Title: Whitfield, Charles
Source text: The Medical and Surgical History of the War of the Rebellion, Part 3, Volume 1 (Washington, DC: Government Printing Office, 1888), 217.
Civil War Washington ID: med.d1e1790
CASE 5.—The mind continued affected after the other symptoms had disappeared.—Private Charles Whitfield, Co. B, 1st Mich.; age 25; admitted March 2,1862. Diagnosis—typhoid fever and chronic bronchitis. On the 4th he was quite deaf, drowsy and delirious; he was hoarse and had a frequent cough with free expectoration; his cheeks were hot and flushed, and he had much thirst; pulse rapid and weak; tongue somewhat dry, quite red and with enlarged papillæ; stools not frequent but loose; abdomen tender. Two watery stools were passed on the 5th. The tongue became moist on the 6th, the appetite returned and the bowels were quiet, but the other symptoms remained unchanged.
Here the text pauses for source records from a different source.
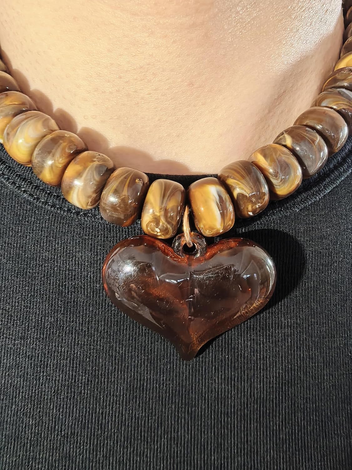 Make a bold fashion statement with these eye-catching beaded choker necklaces featuring charming heart pendants. Each necklace showcases chunky, luminous beads in vibrant colors including hot pink, turquoise green, sunny yellow, and warm brown tones. The uniform bead sizing creates a perfectly balanced look, while the polished finish adds an elegant shine. The heart-shaped pendant adds a sweet, romantic touch to complete each piece. These versatile boho-style chokers can elevate both casual and dressy outfits. The substantial beading provides a dramatic look while remaining comfortable to wear. Perfect for adding a pop of color to your jewelry collection, these necklaces can be styled individually or layered together for an even more striking effect. The durable construction ensures these statement pieces will become lasting favorites in your accessory rotation.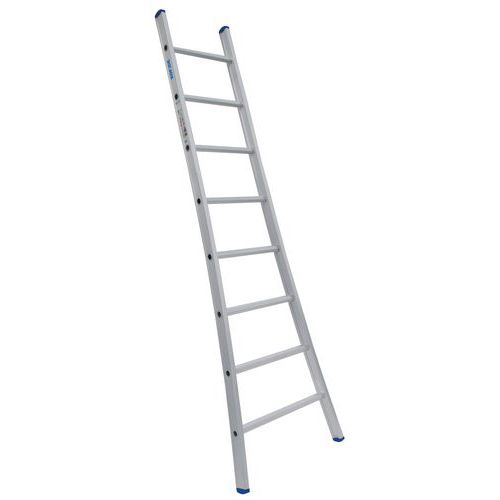 Scala singola in alluminio per uso professionale a base svasata. Comfort d'uso grazie alla semplice finitura in alluminio grezzo con profilo piatto. Scala dritta antiscivolo, posizione orizzontale al 100%. Per i professionisti che cercano una scala affidabile, sostenibile ed economica.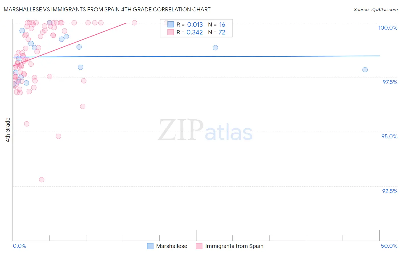 Marshallese vs Immigrants from Spain 4th Grade Correlation Chart

On the 7th the deafness lessened and the hoarseness and cough diminished; pulse 90, good; skin natural; tongue moist, fissured, clean; bowels unmoved; but the mind continued affected for some time longer. On the 13th he replied naturally to questions, but had curious hallucinations which returned occasionally for several days after this, and the deafness continued for some days longer. During this time the bowels were regular or inclined to constipation. Milk-punch and tincture of iron were used. He was able to walk about on the 27th. On April 26 he was discharged for disability.